Topkapı Palace Museum: Tower of Justice


The basic functions of government, to an even greater extent than those of religion, are
similar in all societies: administration, legislation, and the dispensing of justice. But the
architectural needs differ according to the nature of the relationship between the
governing and the governed. Where governmental functions are centralized in the hands
of a single individual, they are simple and may be exercised in the ruler’s residence;
where the functions are shared by many and established as specialized activities, they
become complex and demand distinct structures. There are, however, no basic formal
solutions for governmental architecture, since the practical needs of government may be
met in any sheltered area that has convenient space for deliberation and administration.
A distinct type is created rather by expressive functions arising from the ideology of the
different systems of political organization (monarchy, theocracy, democracy, etc.) and
from the traditions of the various offices of government (law courts, assembly houses,
city halls, etc.). Governments that exercise power by force rather than by consent tend to
employ the expressive functions of architecture to emphasize their power; they tend to
produce buildings of a monumentality disproportionate to their service to the
community. Those in which the ruler is given divine attributes bring religious
symbolism into architecture. Democratic governments have the responsibility of
expressing in their architecture the aims of the community itself, a difficult task in the
modern world, when the community may be neither small enough to express itself easily
nor homogeneous enough to agree on how to do so.

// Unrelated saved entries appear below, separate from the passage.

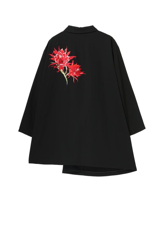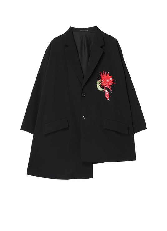 立体的なボリュームと温かみ、微妙な個体差のある手振り刺繍を施したウールギャバジンジャケット。刺繍は角度によって表情や色合いが微かに揺らぐ。アシンメトリーなシルエット。
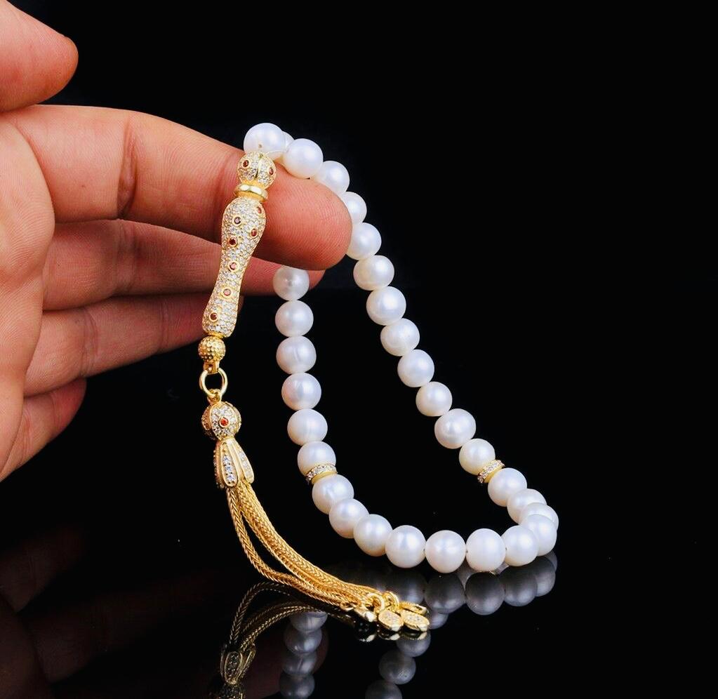 Gold Plated Zircon Silver Set Pearl Misbaha – 8 mm Wrist Size Tasbih A refined wrist-size pearl misbaha featuring 8 mm natural cultured pearls and an elegant gold-plated silver tassel with zircon stones. Perfect for daily dhikr, meditation, gifting, or collectors who appreciate luxury craftsmanship.
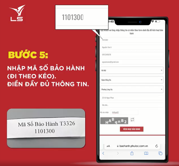 Nhập “MÃ SỐ BẢO HÀNH” và thông tin cá nhân để kích hoạt sản phẩm.

The simple democratic processes of the Greek city-states and the medieval free towns
produced governmental architecture on a domestic scale, while the Roman Empire and
later monarchies seldom made important distinctions between the palace and the seat of
state functions. The widespread growth of representative government and the increase
in the size and functions of the state in the 19th century created a great variety of
buildings, some for entirely new uses. Some examples are: first, capitols, courthouses,
parliament buildings, printing offices, and mints and, later, post offices,
embassies, archives, secretariats, and even laboratories, when the work, the increased
personnel, and the complexity of mechanical aids demanded specialized architectural
solutions. Bureaucracy, for better or for worse, has made governmental architecture
more important than at any time in history.